### EXERCISE DESCRIPTION
Copy each line below exactly and leave the pictures out.

★ ★ ★ ★ ★

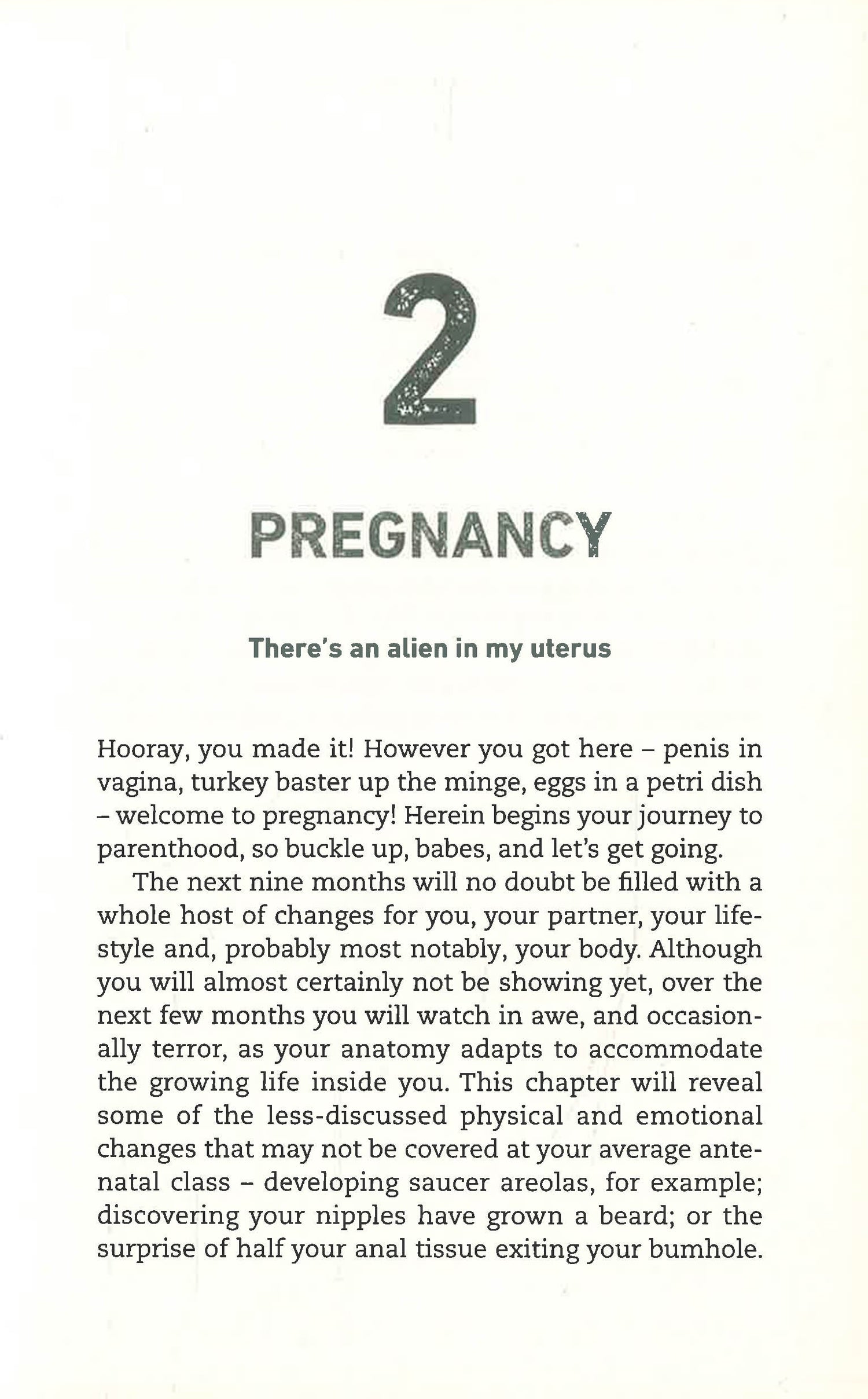 I’m assuming you’ve picked up this book because you’re either curious about having kids, you’re currently up the duff, or you’re stumbling through the early days of parenthood with a mattress-sized sanitary towel between your legs wondering what the hell has just happened. That, or you’re killing time in WHSmith, waiting for your flight to Ibiza. You lucky bastard.
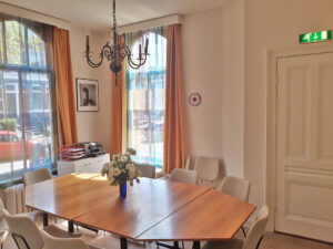 • Overige voorzieningen betreffen een geluidsinstallatie met microfoon, theaterverlichintg, beamer, flap-over, een bescheiden keuken en een bar met koeling.
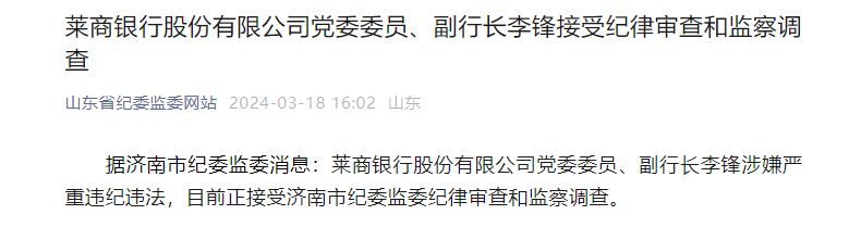 3月19日,山东省纪委监委网站微信公众号显示,据济南市纪委监委消息:莱商银行股份有限公司党委委员、副行长李锋涉嫌严重违纪违法,目前正接受济南市纪委监委纪律审查和监察调查。
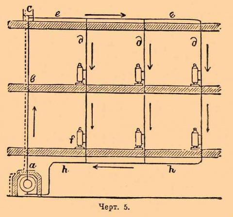 Одной подъемной трубой «b», идущей от котла «а» к расширителю «с» ведут воду на чердак и оттуда (из трубы «е») спускают разводящие вертикальные трубы, (d, d, d), отделяя от них горизонтальные отростки к нагревательным приборам (f, f) и соединяя их с горизонтальной трубой, идущей по подвалу (h) обратно к котлу. Трубы делаются чугунные или железные. Первые соединяются между собой посредством раструбов или, что лучше, флянцев (см. Трубы). Вторые соединяются посредством муфт с нарезками. Горизонтальные трубы следует укладывать с подъемом от 1/100 до 1/200 в сторону расширительного сосуда. С целью дать трубам возможность при нагреве их свободно изменять длину, лучше, укрепляя их к стенам, положить их на ролики, надеваемые на штыри, вбитые в стену. С этой же целью вводят в сеть труб приборы, называемые компенсаторами (фиг. 14, т. I), которые вместе с тем служат для облегчения передвижения отдельных звеньев труб, что делается для достижения большей непроницаемости стыков. Простейший нагревательный прибор водяного О. есть так назыв. батарея с приливными ребрами. Она может быть поставлена горизонтально (фиг. 15, т. I) или вертикально (фиг. 16, т. I), но приливные ребра не должны быть горизонтальными. Цель приливных ребер — усиление передачи теплоты увеличением поверхности соприкосновения с воздухом. Ребра должны быть расположены не ближе 1 дм одно от другого. Батареи не должно располагать по оси циркуляционной трубы, а следует выносить в сторону от нее (черт. 8, 9, 10, 11), чтобы, не нарушая движения воды в трубе, можно было регулировать или прекращать приток ее в батарею. При горизонтальных трубах батареи следует выносить над трубою. Иногда прокладывают две горизонтальные трубы, и батарея помещается между ними (черт. 8); отросток, соединяющий батарею с нижней трубой, снабжается краном (r). Горизонтальные батареи делаются и при вертикальных циркуляционных трубах. В этом случае обыкновенно устраиваются двойные батареи. Батареи выделываются иногда из отдельных элементов, могущих свинчиваться в желаемом числе. Чаще всего батареи располагаются под подоконниками, но могут быть располагаемы и в других местах, у наружных и внутренних стен: первое (то есть у наружных стен) — предпочтительнее, так как устраняет течение от наружных стен холодного воздуха, но имеет и свои недостатки (пятна на стенах). В случае расположения под окнами, идущий от батарей ток теплого воздуха, поднимающийся на некотором расстоянии от стекол, не может уничтожить спускающегося около стекол холодного тока. Поэтому человек, стоящий у окна, чувствует оба тока, что крайне неприятно. Для устранения этого применяется следующее (черт. 6).
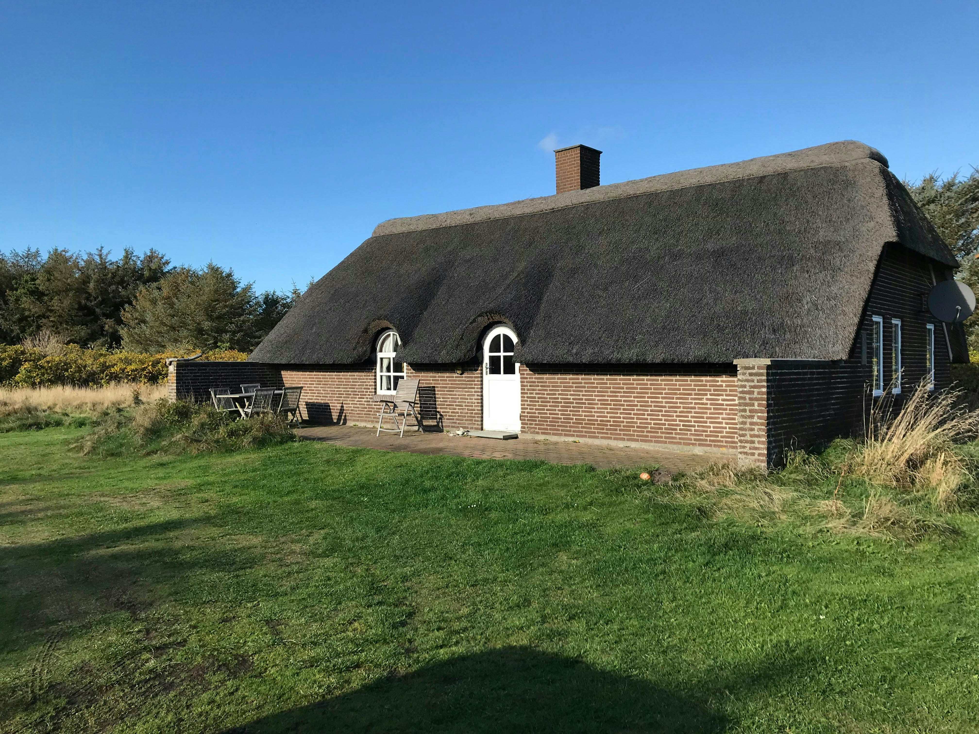 Casetta estiva con tetto di paglia vicino al Mare del Nord
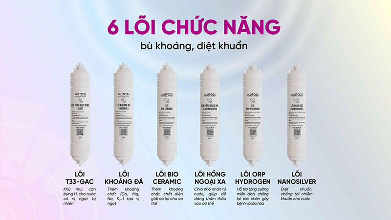 ♦ Hệ thống 10 lõi lọc mạnh mẽ: lọc sạch – bù khoáng – kháng khuẩn – ổn định pH
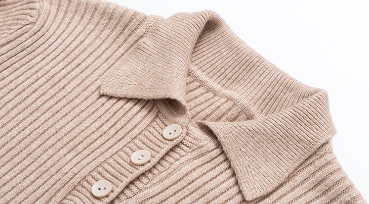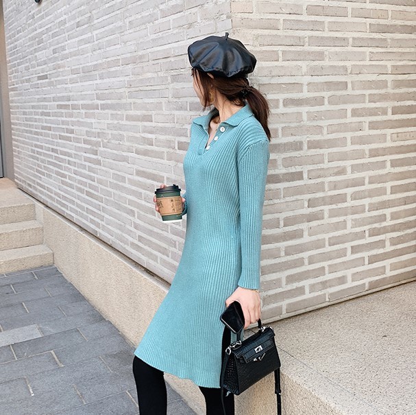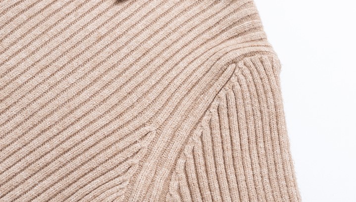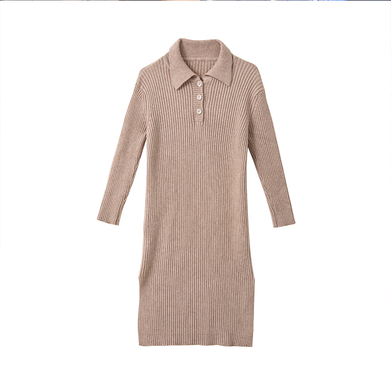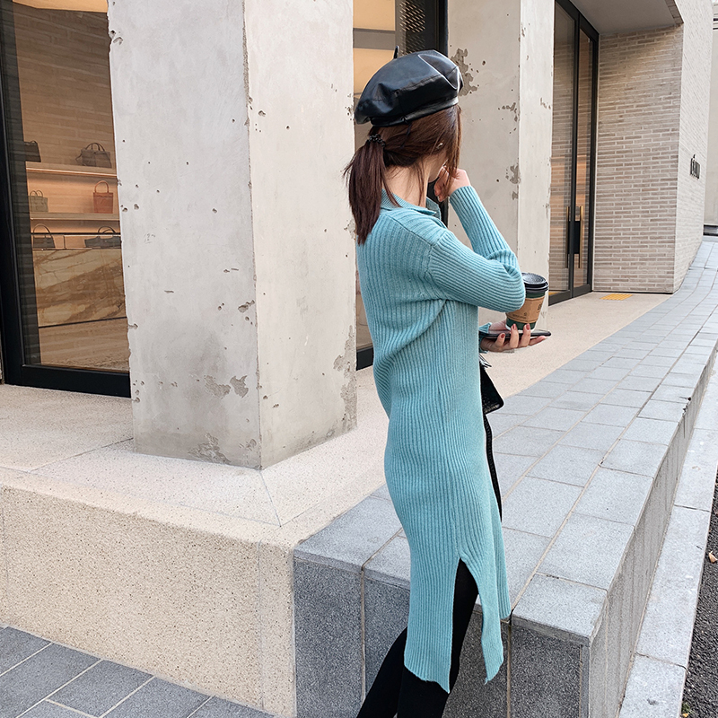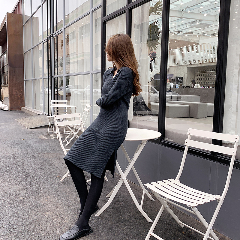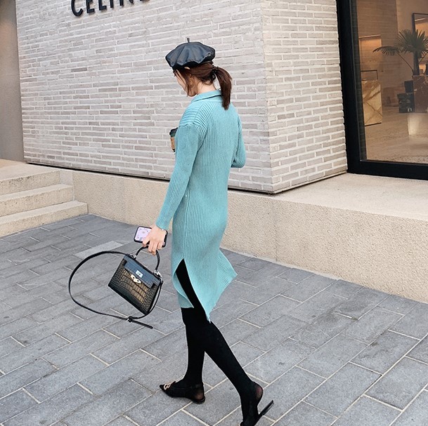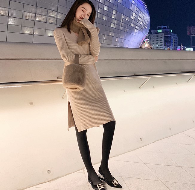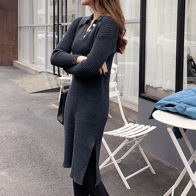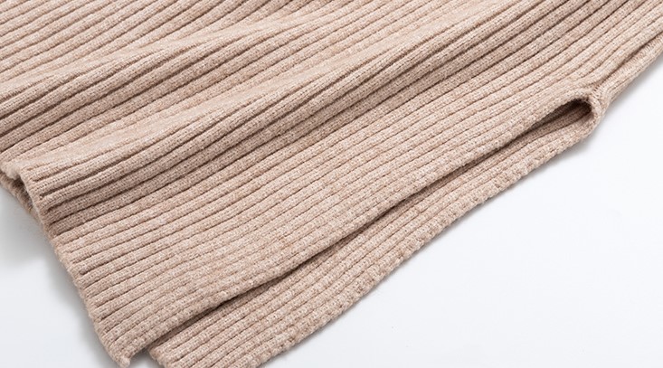 深めサイドスリットが入ったひざ丈リブニットワンピースです。
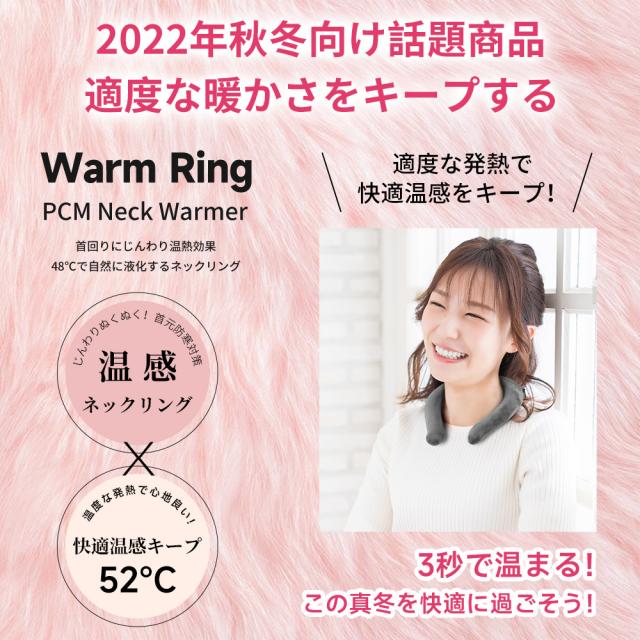 ウォームリング 温感ネックリング ネックウォーマー ホットリング ネックウォーム 防寒リング 52℃ 温感 pcm 冷え性対策 冷え性改善 電気不要 繰り返し使用 防寒 軽量 通勤通学 男女兼用 送料無料 グレー
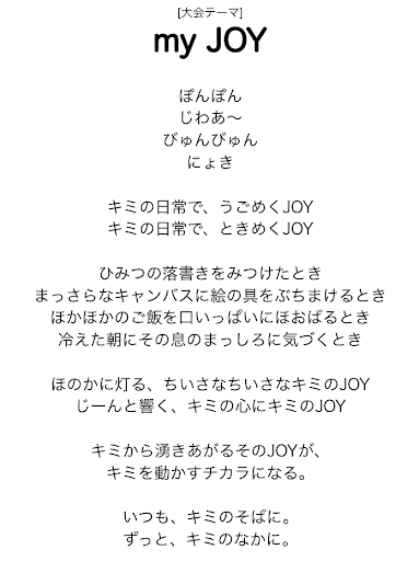 みなさんの日々のなかにある、「my JOY」はいったいなんでしょうか?今朝起きてから、今に至るまで、そして今この瞬間も。日常のなかに、みなさんのなかに、きっと存在するJOYを、ぜひ見つけてみてください。
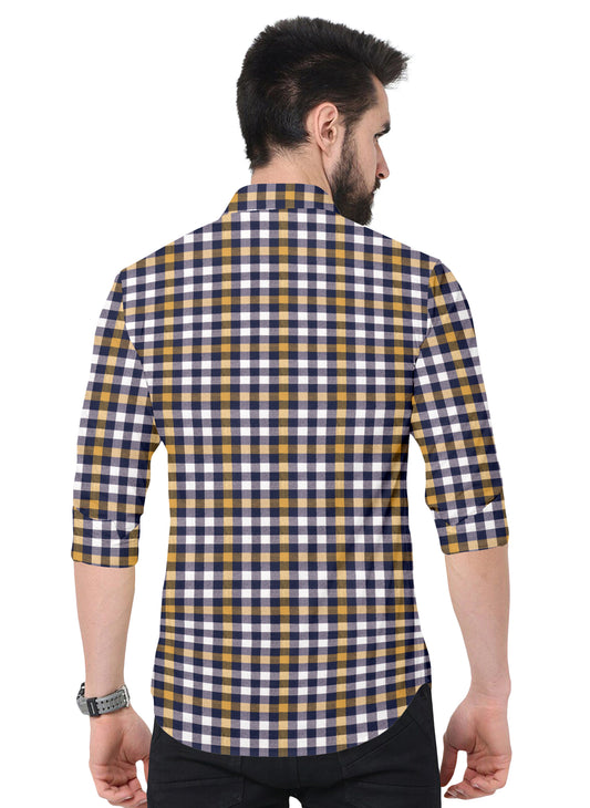 Men's Checkers Slim Fit Yellow Cotton Shirt
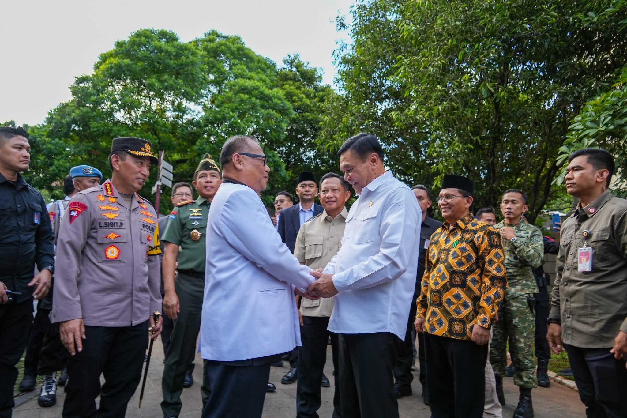 “Oleh karena itu, kami juga menyampaikan kepada umat di sini untuk turut mendoakan agar mereka segera bisa mengatasi ini semua, termasuk mendoakan pemerintah untuk bisa segera menyelesaikan, membantu masalah-masalah yang dihadapi oleh bangsa ini,” kata Menko Djamari.
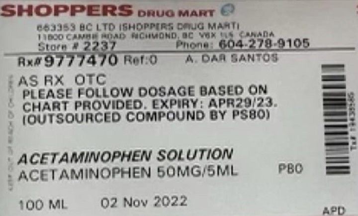 Shoppers Drug Mart has issued an alert about liquid acetaminophen sold at one of its Richmond locations that was improperly labelled.
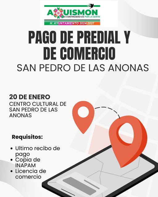 El Gobierno Municipal de Aquismón informa a la población de San Pedro de las Anonas y localidades aledañas, que con el objetivo de acercar los servicios y facilitar el cumplimiento de sus contribuciones, el martes 20 de enero estará instalado un módulo de atención.
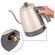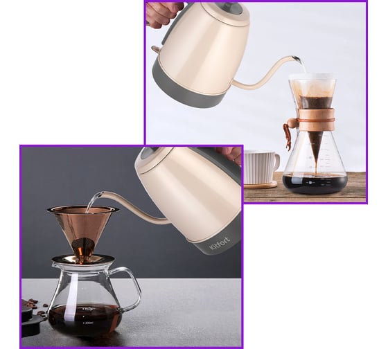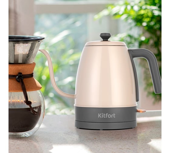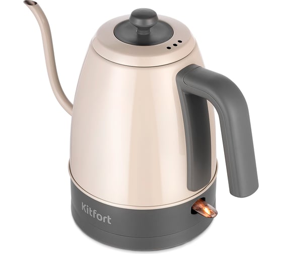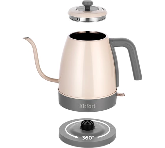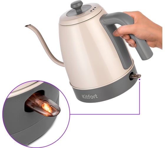 Корпус и крышка чайника выполнены из нержавеющей стали и пластика, а подставка — из пластмассы. Максимальная отметка нанесена внутри чайника. Ручка чайника пластиковая, не нагревается и удобно лежит в руке. Управление осуществляется с помощью переключателя, который расположен под ручкой. Нагревательный элемент (ТЭН) у этой модели чайника скрытый и находится в донной части. Сверху он закрыт специальной металлической пластиной из нержавеющей стали, благодаря которой исключается прямой контакт ТЭНа с водой. Такая конструкция препятствует образованию накипи, облегчает уход и значительно снижает шум при нагревании воды. Подставка с центральным контактом дает возможность располагать на ней чайник в любом положении, обеспечивая вращение на 360°. Снизу имеется отсек для хранения шнура, в который можно смотать излишки шнура электропитания, чтобы он не мешал на столе. Чайник автоматически отключается при закипании, имеет защиту от перегрева и от включения без воды. При закипании воды образующийся пар попадает в паропровод, проходит по нему и затем воздействует на термодатчик, который отключает чайник. Во время кипячения рекомендуется держать крышку плотно закрытой, иначе данный механизм может отработать неправильно.

★ ★ ★ ★ ★

### REPLY
 I’m assuming you’ve picked up this book because you’re either curious about having kids, you’re currently up the duff, or you’re stumbling through the early days of parenthood with a mattress-sized sanitary towel between your legs wondering what the hell has just happened. That, or you’re killing time in WHSmith, waiting for your flight to Ibiza. You lucky bastard.
 • Overige voorzieningen betreffen een geluidsinstallatie met microfoon, theaterverlichintg, beamer, flap-over, een bescheiden keuken en een bar met koeling.
 3月19日,山东省纪委监委网站微信公众号显示,据济南市纪委监委消息:莱商银行股份有限公司党委委员、副行长李锋涉嫌严重违纪违法,目前正接受济南市纪委监委纪律审查和监察调查。
 Одной подъемной трубой «b», идущей от котла «а» к расширителю «с» ведут воду на чердак и оттуда (из трубы «е») спускают разводящие вертикальные трубы, (d, d, d), отделяя от них горизонтальные отростки к нагревательным приборам (f, f) и соединяя их с горизонтальной трубой, идущей по подвалу (h) обратно к котлу. Трубы делаются чугунные или железные. Первые соединяются между собой посредством раструбов или, что лучше, флянцев (см. Трубы). Вторые соединяются посредством муфт с нарезками. Горизонтальные трубы следует укладывать с подъемом от 1/100 до 1/200 в сторону расширительного сосуда. С целью дать трубам возможность при нагреве их свободно изменять длину, лучше, укрепляя их к стенам, положить их на ролики, надеваемые на штыри, вбитые в стену. С этой же целью вводят в сеть труб приборы, называемые компенсаторами (фиг. 14, т. I), которые вместе с тем служат для облегчения передвижения отдельных звеньев труб, что делается для достижения большей непроницаемости стыков. Простейший нагревательный прибор водяного О. есть так назыв. батарея с приливными ребрами. Она может быть поставлена горизонтально (фиг. 15, т. I) или вертикально (фиг. 16, т. I), но приливные ребра не должны быть горизонтальными. Цель приливных ребер — усиление передачи теплоты увеличением поверхности соприкосновения с воздухом. Ребра должны быть расположены не ближе 1 дм одно от другого. Батареи не должно располагать по оси циркуляционной трубы, а следует выносить в сторону от нее (черт. 8, 9, 10, 11), чтобы, не нарушая движения воды в трубе, можно было регулировать или прекращать приток ее в батарею. При горизонтальных трубах батареи следует выносить над трубою. Иногда прокладывают две горизонтальные трубы, и батарея помещается между ними (черт. 8); отросток, соединяющий батарею с нижней трубой, снабжается краном (r). Горизонтальные батареи делаются и при вертикальных циркуляционных трубах. В этом случае обыкновенно устраиваются двойные батареи. Батареи выделываются иногда из отдельных элементов, могущих свинчиваться в желаемом числе. Чаще всего батареи располагаются под подоконниками, но могут быть располагаемы и в других местах, у наружных и внутренних стен: первое (то есть у наружных стен) — предпочтительнее, так как устраняет течение от наружных стен холодного воздуха, но имеет и свои недостатки (пятна на стенах). В случае расположения под окнами, идущий от батарей ток теплого воздуха, поднимающийся на некотором расстоянии от стекол, не может уничтожить спускающегося около стекол холодного тока. Поэтому человек, стоящий у окна, чувствует оба тока, что крайне неприятно. Для устранения этого применяется следующее (черт. 6).
 Casetta estiva con tetto di paglia vicino al Mare del Nord
 ♦ Hệ thống 10 lõi lọc mạnh mẽ: lọc sạch – bù khoáng – kháng khuẩn – ổn định pH
 深めサイドスリットが入ったひざ丈リブニットワンピースです。
 ウォームリング 温感ネックリング ネックウォーマー ホットリング ネックウォーム 防寒リング 52℃ 温感 pcm 冷え性対策 冷え性改善 電気不要 繰り返し使用 防寒 軽量 通勤通学 男女兼用 送料無料 グレー
 みなさんの日々のなかにある、「my JOY」はいったいなんでしょうか?今朝起きてから、今に至るまで、そして今この瞬間も。日常のなかに、みなさんのなかに、きっと存在するJOYを、ぜひ見つけてみてください。
 Men's Checkers Slim Fit Yellow Cotton Shirt
 “Oleh karena itu, kami juga menyampaikan kepada umat di sini untuk turut mendoakan agar mereka segera bisa mengatasi ini semua, termasuk mendoakan pemerintah untuk bisa segera menyelesaikan, membantu masalah-masalah yang dihadapi oleh bangsa ini,” kata Menko Djamari.
 Shoppers Drug Mart has issued an alert about liquid acetaminophen sold at one of its Richmond locations that was improperly labelled.
 El Gobierno Municipal de Aquismón informa a la población de San Pedro de las Anonas y localidades aledañas, que con el objetivo de acercar los servicios y facilitar el cumplimiento de sus contribuciones, el martes 20 de enero estará instalado un módulo de atención.
 Корпус и крышка чайника выполнены из нержавеющей стали и пластика, а подставка — из пластмассы. Максимальная отметка нанесена внутри чайника. Ручка чайника пластиковая, не нагревается и удобно лежит в руке. Управление осуществляется с помощью переключателя, который расположен под ручкой. Нагревательный элемент (ТЭН) у этой модели чайника скрытый и находится в донной части. Сверху он закрыт специальной металлической пластиной из нержавеющей стали, благодаря которой исключается прямой контакт ТЭНа с водой. Такая конструкция препятствует образованию накипи, облегчает уход и значительно снижает шум при нагревании воды. Подставка с центральным контактом дает возможность располагать на ней чайник в любом положении, обеспечивая вращение на 360°. Снизу имеется отсек для хранения шнура, в который можно смотать излишки шнура электропитания, чтобы он не мешал на столе. Чайник автоматически отключается при закипании, имеет защиту от перегрева и от включения без воды. При закипании воды образующийся пар попадает в паропровод, проходит по нему и затем воздействует на термодатчик, который отключает чайник. Во время кипячения рекомендуется держать крышку плотно закрытой, иначе данный механизм может отработать неправильно.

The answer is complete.